▸ Dataset section
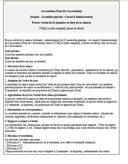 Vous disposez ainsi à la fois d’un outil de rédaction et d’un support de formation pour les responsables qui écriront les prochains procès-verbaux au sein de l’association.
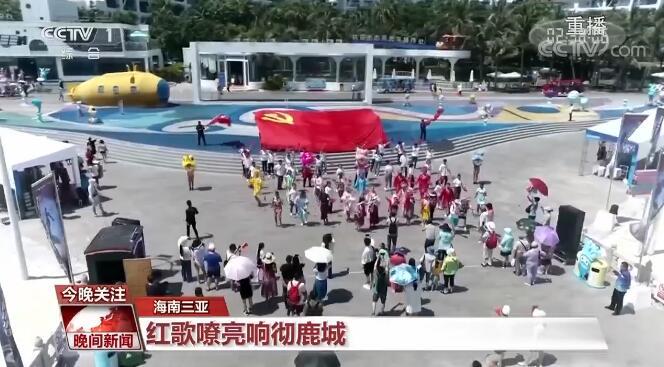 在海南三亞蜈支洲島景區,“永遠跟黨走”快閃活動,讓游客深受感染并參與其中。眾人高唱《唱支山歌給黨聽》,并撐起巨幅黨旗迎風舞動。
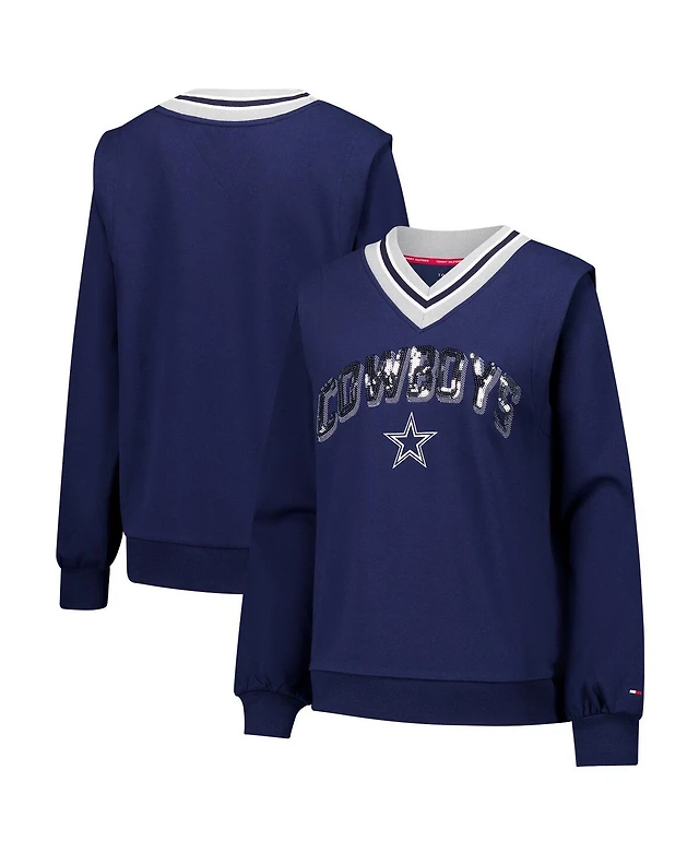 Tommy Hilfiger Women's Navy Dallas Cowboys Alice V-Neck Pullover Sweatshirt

▸ Problem statement
Print the material verbatim; drop the pictures.

▸ Completed exercise
 Vous disposez ainsi à la fois d’un outil de rédaction et d’un support de formation pour les responsables qui écriront les prochains procès-verbaux au sein de l’association.
 在海南三亞蜈支洲島景區,“永遠跟黨走”快閃活動,讓游客深受感染并參與其中。眾人高唱《唱支山歌給黨聽》,并撐起巨幅黨旗迎風舞動。
 Tommy Hilfiger Women's Navy Dallas Cowboys Alice V-Neck Pullover Sweatshirt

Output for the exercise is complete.